Limitations and Future Work
- All experiments are limited to a 1 B token budget; while the authors extrapolate to longer horizons, direct validation on tens of billions of tokens remains an open question.
- The routing function is implemented as a sigmoid followed by top‑k selection; other routing schemes (softmax‑top‑k, expert‑choice, shared experts) may require adapted scaling constants.

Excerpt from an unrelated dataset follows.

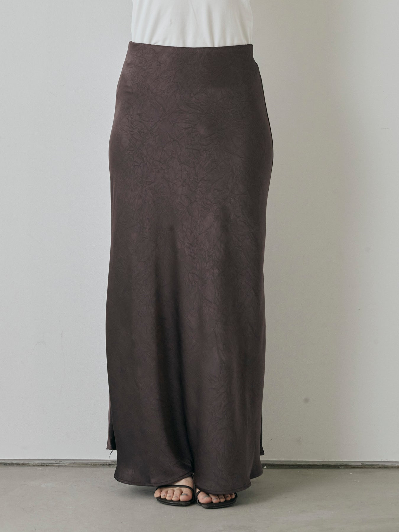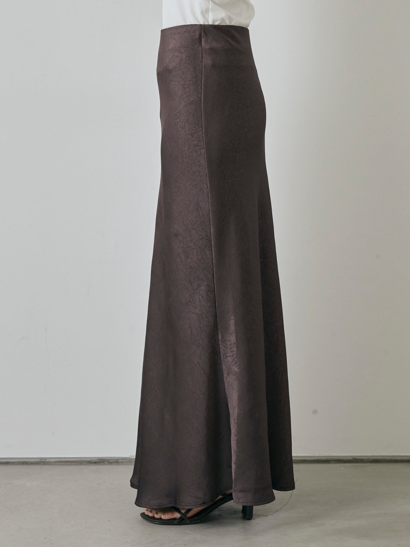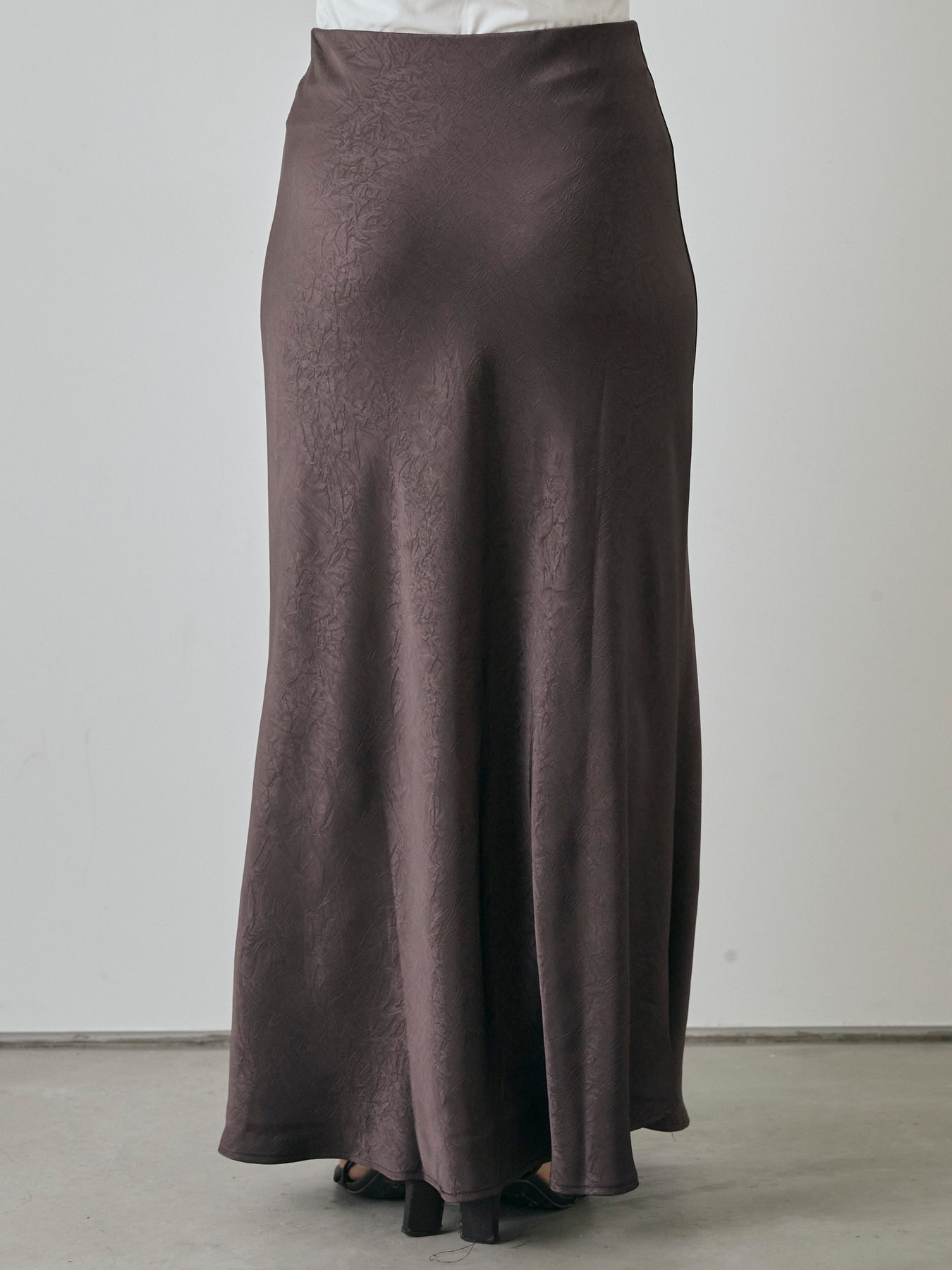 さりげない光沢感とワッシャー加工の表情が魅力の、大人のためのサテンナロースカート。 上品な艶感のある素材に、表面のシボ感が加わることで、シンプルながら奥行きのある印象に仕上がっています。 腰まわりはすっきりと、裾にかけてややフレアに広がる美しいシルエットが女性らしさを引き立て、スタイルアップ効果も抜群。 ストレッチ性のある裏地付きで、動きやすさと安心感も兼ね備えています。 Tシャツやシャツと合わせてカジュアルダウンするのはもちろん、ノースリーブやブラウスでキレイめに仕上げるのもおすすめ。 デイリーからちょっとしたお出かけまで、幅広く活躍する万能スカートです。

- The analysis assumes a homogeneous expert architecture (single hidden layer MLP). Extending the theory to deeper expert networks or to encoder‑decoder architectures would broaden applicability.
Conclusion
By integrating a DMFT‑backed scaling theory with practical hyper‑parameter rules, this work provides a robust, theory‑driven recipe for scaling MoE‑augmented transformers. Practitioners can now train models ranging from tens of millions to billions of parameters using a single set of HPs derived from inexpensive small‑scale sweeps, while preserving training stability, load balance, and competitive performance. The paper thus bridges the gap between theoretical mean‑field insights and real‑world large‑scale language model engineering, offering a valuable tool for the next generation of trillion‑parameter MoE systems.